What the task asks: Return an exact copy of the lines from the one holding "Cavte, tieto okuliare" to the end of the data, including both the starting and final lines. Leave the pictures out.

--

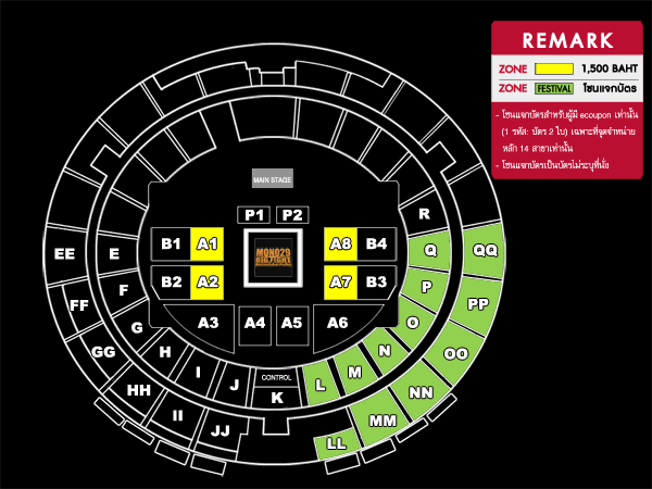 พิเศษสุดด้วย บัตรที่นั่งโซนพิเศษ ติดขอบเวที (จำนวนจำกัด) ในราคา 1,500.- พร้อมรับของที่ระลึกสุดพิเศษจาก MONO29 จองบัตรได้ที่ Thai Ticket Major ทุกสาขา ตั้งแต่วันนี้เป็นต้นไป สอบถามได้ที่ไทยทิคเก็ตเมเจอร์ โทร 0-2262-3456 หรือ www.thaiticketmajor.com และลงทะเบียนรับ บัตรที่นั่งฟรี!!! ได้ที่ MONO29 โทร 0-2100-7040 ตั้งแต่เวลา 07.00-22.00 น.
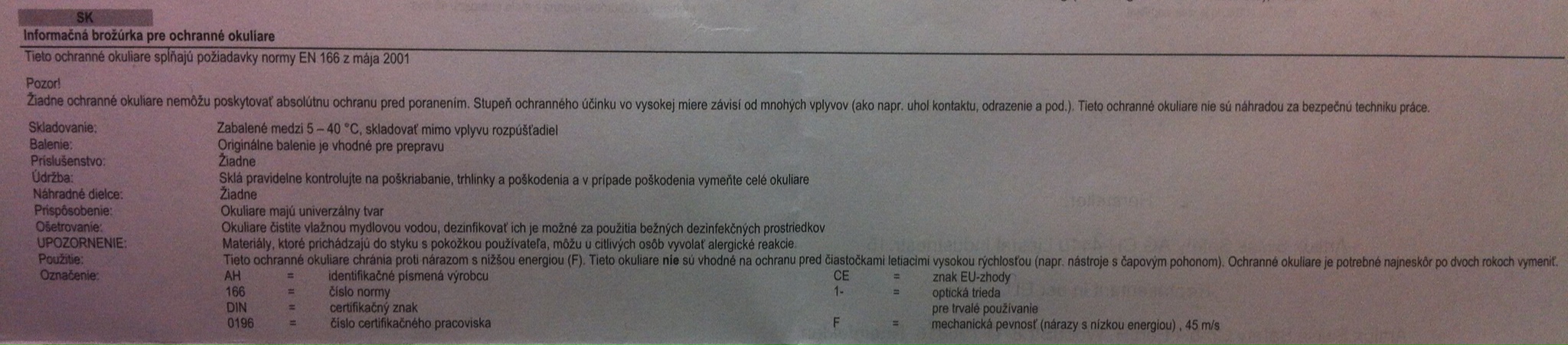 Cavte, tieto okuliare som si kupil v hornbachu. Ma s nimi alebo s podobnymi niekto skusenosti? Prikladam fotky, na poslednej vidiet normu ktoru splnaju. ( EN 166 ) Posluzia mi na AS?
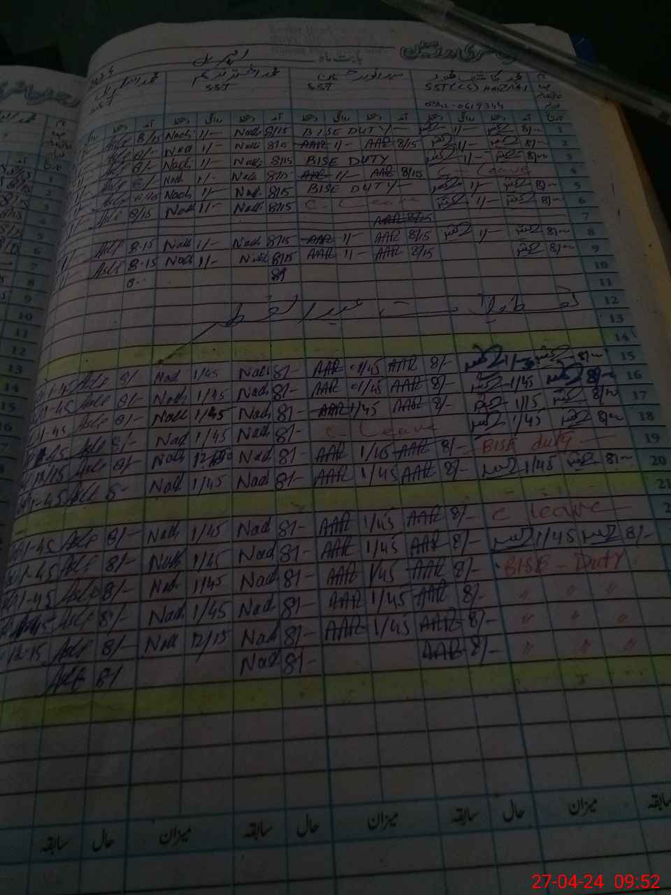 | 35**** | Mu**** Ka**** Ma**** | SST | Regular | 0 | 0 | 0 | 0 | 0 | 0 | 0 | 0 | 0 | Exam Duty |
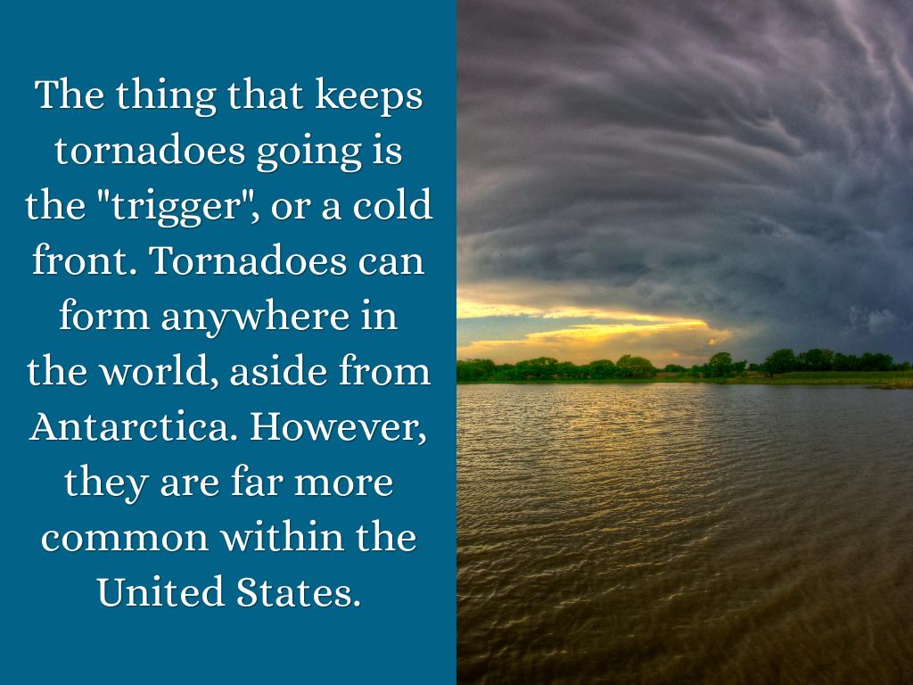 The thing that keeps tornadoes going is the "trigger", or a cold front. Tornadoes can form anywhere in the world, aside from Antarctica. However, they are far more common within the United States.
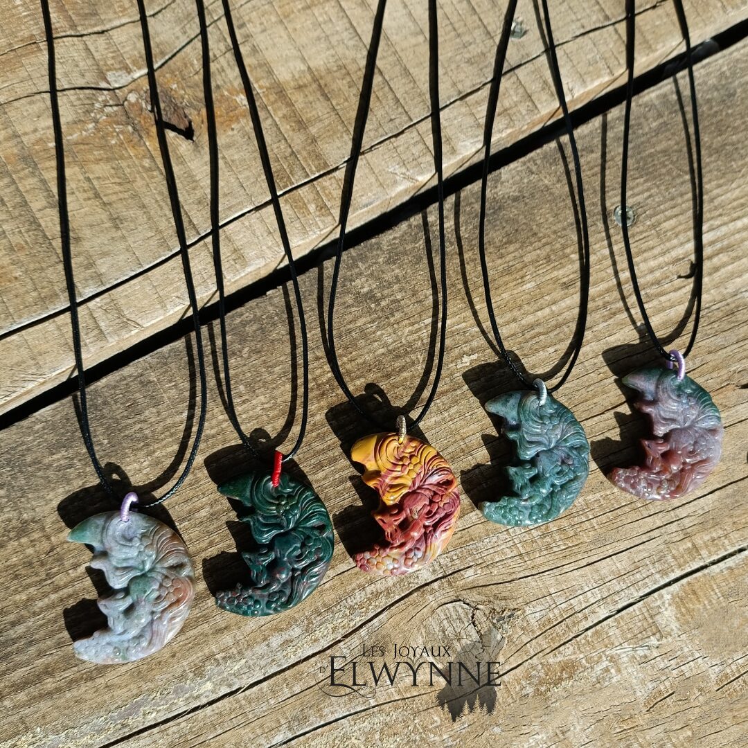 Pendentif Kitsune (Renard) en Agate Alashan 🦊 et son cordon noir ciré.

--

Response area:
 Cavte, tieto okuliare som si kupil v hornbachu. Ma s nimi alebo s podobnymi niekto skusenosti? Prikladam fotky, na poslednej vidiet normu ktoru splnaju. ( EN 166 ) Posluzia mi na AS?
 | 35**** | Mu**** Ka**** Ma**** | SST | Regular | 0 | 0 | 0 | 0 | 0 | 0 | 0 | 0 | 0 | Exam Duty |
 The thing that keeps tornadoes going is the "trigger", or a cold front. Tornadoes can form anywhere in the world, aside from Antarctica. However, they are far more common within the United States.
 Pendentif Kitsune (Renard) en Agate Alashan 🦊 et son cordon noir ciré.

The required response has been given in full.